Falei tanto de Lula nos dois últimos anos que quase me sinto seu amigo. Como Roberto Teixeira, acusado de favorecer uma empresa que fraudava as prefeituras petistas. Ou Mauro Dutra, acusado de desviar verbas do programa Primeiro Emprego. Ou Francisco Baltazar, acusado de negociar com um doleiro. Ou Paulo Okamoto, acusado de montar o esquema de arrecadação paralela do PT e que, atualmente, comanda o Sebrae. Duvido que todas essas denúncias sejam verdadeiras. José Dirceu garantiu que os petistas não roubam. Ou melhor, ele garantiu que os petistas não "róbam", roubando, inadvertidamente, a língua portuguesa.

Quem melhor definiu Lula foi o próprio Lula. No ano passado, ele disse: "Não fui eleito presidente por méritos pessoais ou como resultado da minha inteligência". Eu, que sempre falei mal dele, fui obrigado a aplaudir. Na verdade, a frase aplica-se também a mim. Assim como Lula não foi eleito por méritos pessoais, nunca falei mal dele por motivos pessoais. Tenho tanto interesse por Lula quanto por um fiscal do Porto de Santos. Minha implicância é exclusivamente pública. Acho que os brasileiros, por falta de experiência democrática, atribuem uma importância exagerada ao presidente da República. Um presidente é só um burocrata medíocre que a gente contrata por quatro anos para desempenhar uma tarefa que nenhuma pessoa minimamente sensata estaria disposta a desempenhar. Ele não é nosso chefe: nós é que somos chefes dele.

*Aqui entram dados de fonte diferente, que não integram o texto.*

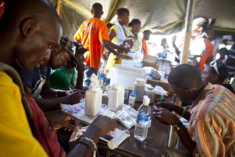 Justin Ide/Harvard Staff Photographer Employees and volunteers from Partners In Health distribute medicine at a mobile health clinic within a camp for internally displaced persons that holds about 45,000 people.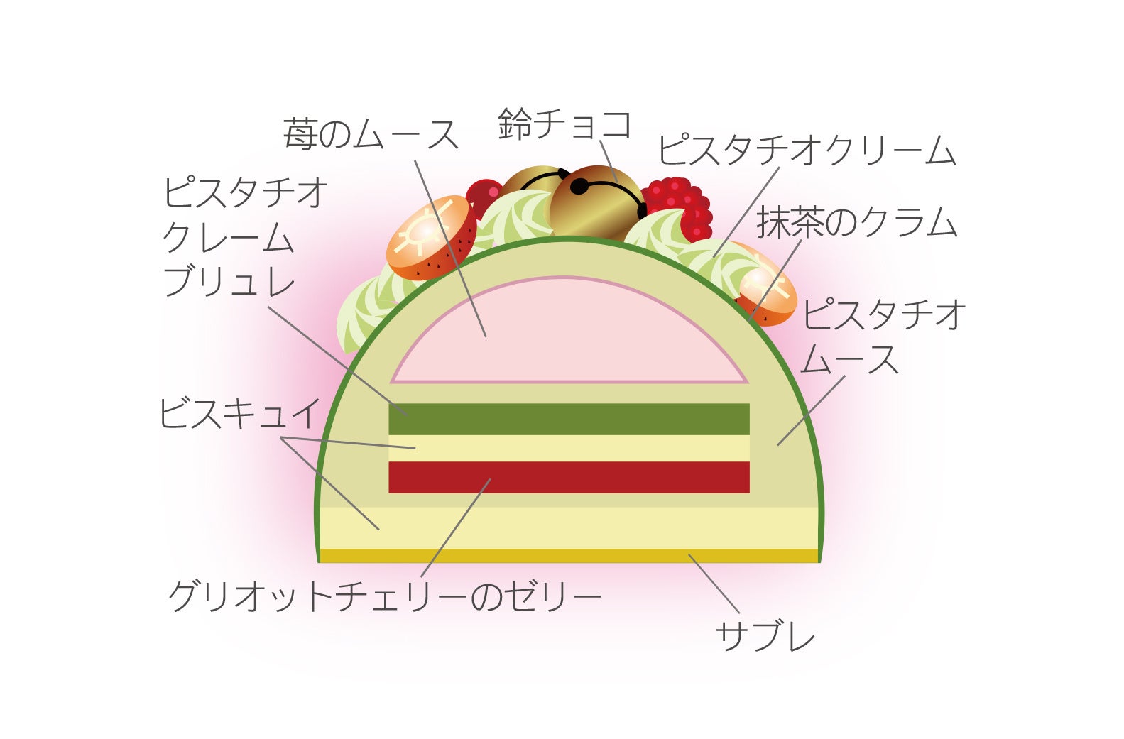 秋~春にかけての季節の移ろいをケーキに見立てた「苔玉」シリーズから、クリスマス限定の苔玉が登場です。ピスタチオと苺のムースを重ね、抹茶クラム(抹茶スポンジを細かく削ったもの)で包みました。どんぐりと鈴のチョコレートを添えた和のクリスマスケーキです。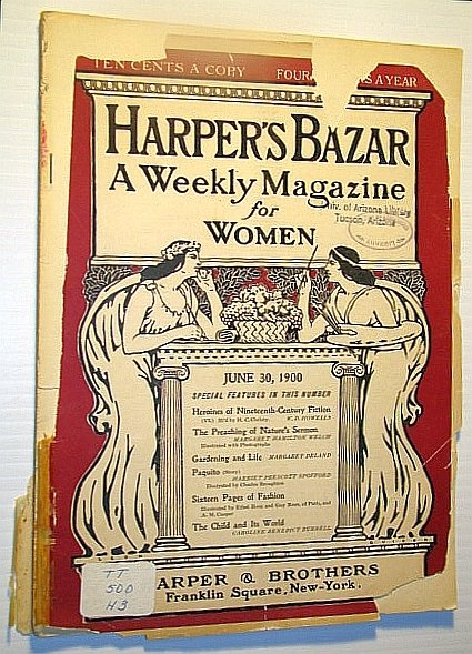• Harper's Bazar (Bazaar) - A Weekly Magazine for Women, June 30, 1900 - New Effects in Lace Waist Trimmings Illustration of Emma, Woodhouse in "Emma", Heroines of Nineteenth-Century Fiction (VI), Fate's Tablet, The Preaching of NAture's Sermon, Gardening and Life, Paquito, Books and Writers, The Meloon Farm (continued), Midsummer Fashions, New Effects in Lace Waist Trimmings, Cut Paper Patterns, Hydiene for the Stout - interesting vintage article on weight, control, My Friend, Home Work in Embroidery, The Child and its World - II - The Child's Dress, Recipes for Warm Days, News of the Women's Clubs - with photos of Mrs. Charles Denison, of New York, and Miss Margaret J. Evans, of Minnesota, Gala Luncheons for July, A Veranda Living-Room, Buying for the Household Women's Issues Magazine Back Issues, Fashion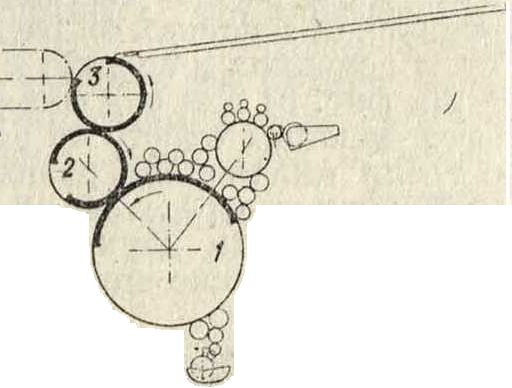 на высоте одной трети диаметра последнего. Под передаточным цилиндром расположен вспомогательный цилиндр 2 Фигура зз. Для вывода листов на приемный стол 3. У машин завода Франкенталь передаточный цилиндр лежит не прямо под формным, а несколько в сторону; рядом с ним лежит печатный цилиндр. В машине завода Поган-
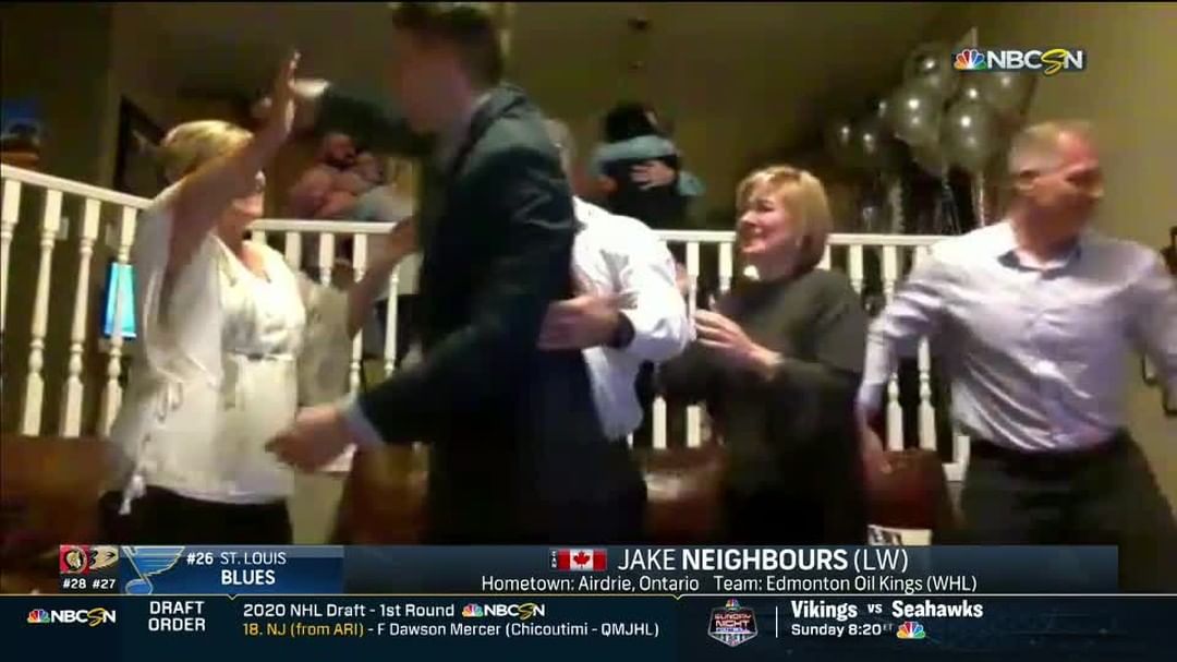 Comme vous pouvez le voir, la famille Neighbours a été POMPÉE pour voir Jake être sélectionné par les @stlouisblues. #NHLDraft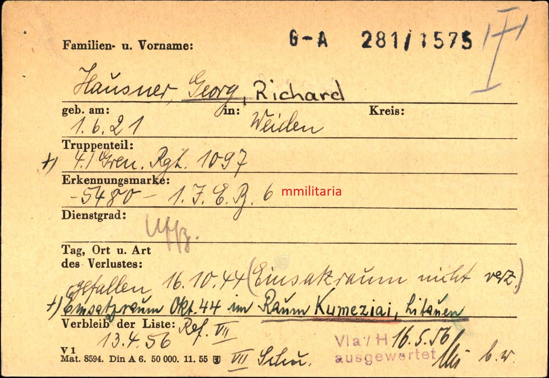Gefallen am 16.10.1944 bei Kumeziai (Litauen)
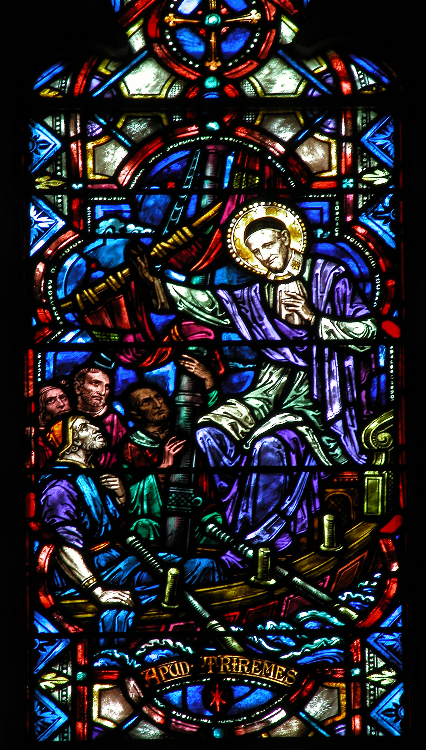 Vincent de Paul, seated, cassock, surplice, skullcap, halo; gesture of teaching, evangelizing galley prisoners on galley; Latin text: On the Galleys. Original in St. Joseph Seminary, Princeton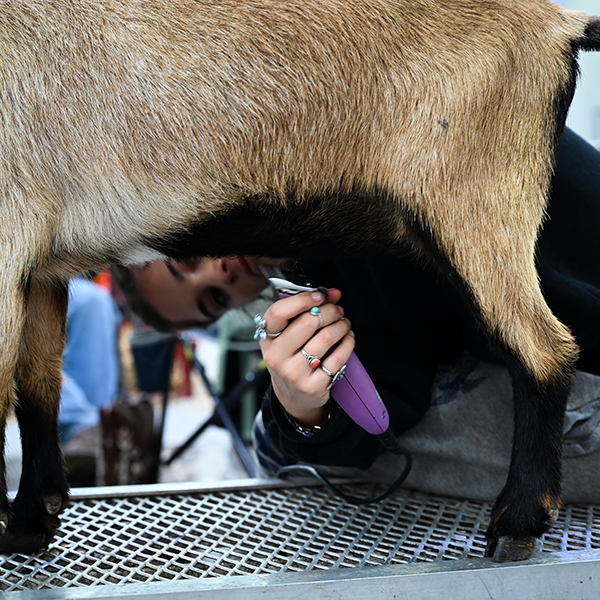Like the cows, the goats were subjected to the expert ministrations of specialized groomers.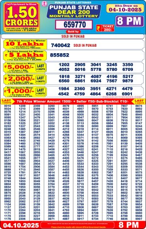 Punjab State Dear 200 Monthly Lottery Result 04.10.25 Publish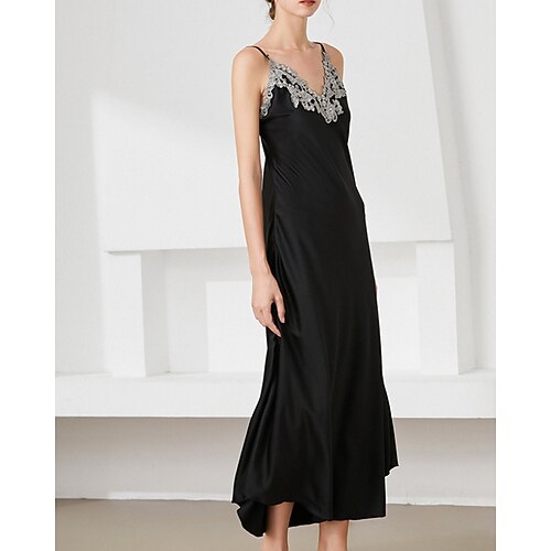 Per donna Camicia da Notte Casual Morbido Raso Colore Puro Pizzo Senza schiena Quotidiano Casa Da letto Senza Maniche Spalline Nero Rosa Rosso Blu marino Estate Vestibilità comoda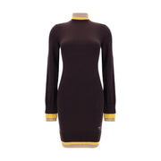 Fendi’s Wool Mini Dress is a garment with a refined and contemporary style. The long-sleeved model is enriched with multilayer ribbed details on the collar, cuffs and hem, creating an elegant trompe-l’œil effect. The contrasting iconic brand monogram stands out on the front, adding a distinctive touch.
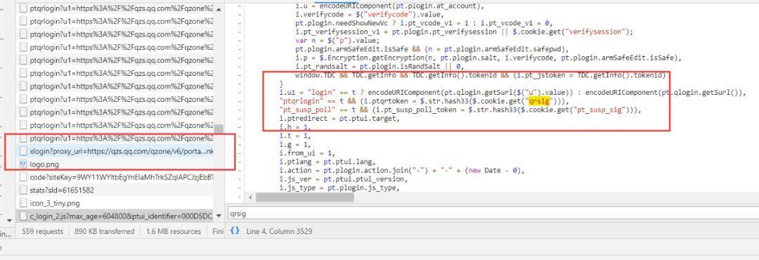 通过测试可以发现上面这些参数都是固定的。最后就剩下ptqrtoken这个参数啦,全局搜索一下,可以发现ptqrtoken这个参数在某个js文件里写了计算方式: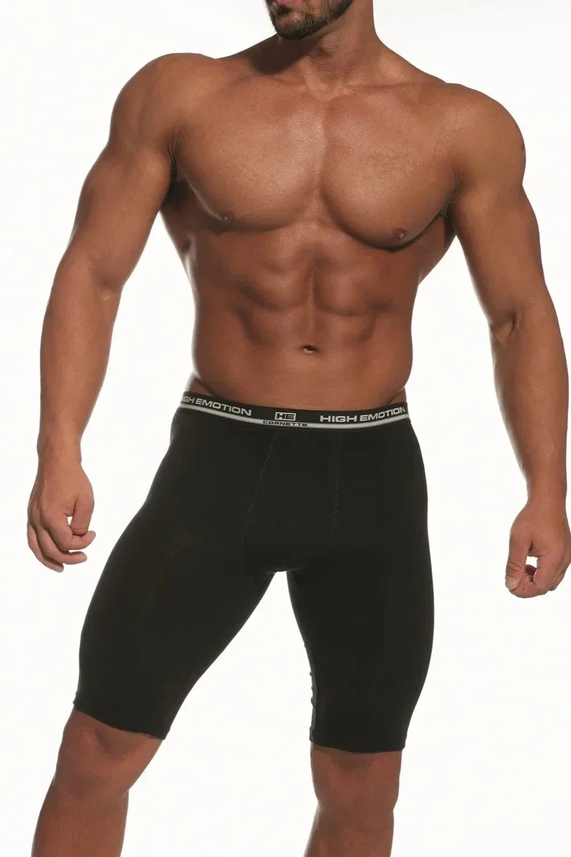 Dlouhé boxerky z řady High Emotion. Ideální pro chladnější dny. Pohodlné, jemně zdůrazňující tvar mužského těla. Kvalitní tkanina, široký elastický pas, anatomický střih a ploché švy zajišťují naprosté pohodlí. Specializovaná konstrukce zajišťuje plnou volnost pohybu. Boxerky jsou baleny v estetické kartonové krabičce.

Lula não entende isso. Tanto que mandou pendurar um crucifixo na parede de seu escritório. O nosso é um Estado laico. Pendurar um crucifixo no Palácio do Planalto é um abuso tão grande quanto pendurá-lo numa escola pública. O Conselho Federal de Jornalismo é um abuso muito maior. Lula quer aumentar seu controle sobre a imprensa. Clóvis Rossi, da Folha de S.Paulo, denunciou o projeto. O secretário de Imprensa de Lula, Ricardo Kotscho, respondeu comparando-o a Jim Jones, o fanático religioso que levou seus fiéis ao suicídio coletivo. A ameaça é clara: opor-se ao governo é um suicídio, e quem se atrever a seguir Clóvis Rossi acabará morto, junto com ele. Isso não é linguagem de governo: é linguagem de máfia. Kotscho sugere também que Clóvis Rossi, em vez de ficar sentado à escrivaninha, viaje pelo Brasil e mostre a seus leitores como o país está melhorando, por mérito de Lula. Ele até relaciona os assuntos sobre os quais os petistas desejariam ler: terras irrigadas pelo programa de agricultura familiar, fábricas onde há fartura de empregos e felizes beneficiados pelo Bolsa-Família. Ali Kamel, no Globo, mostrou que o Bolsa-Família não passa de uma esmola, porque o governo não controla a freqüência escolar dos filhos dos beneficiados. Não creio que fosse essa a abordagem que Kotscho tinha em mente.

Eu, por sorte, não corro risco nenhum. Lula já disse que nem sabe quem eu sou. Posso continuar a debochar dele. A liberdade de debochar de um presidente é tão importante quanto a de denunciar roubalheiras.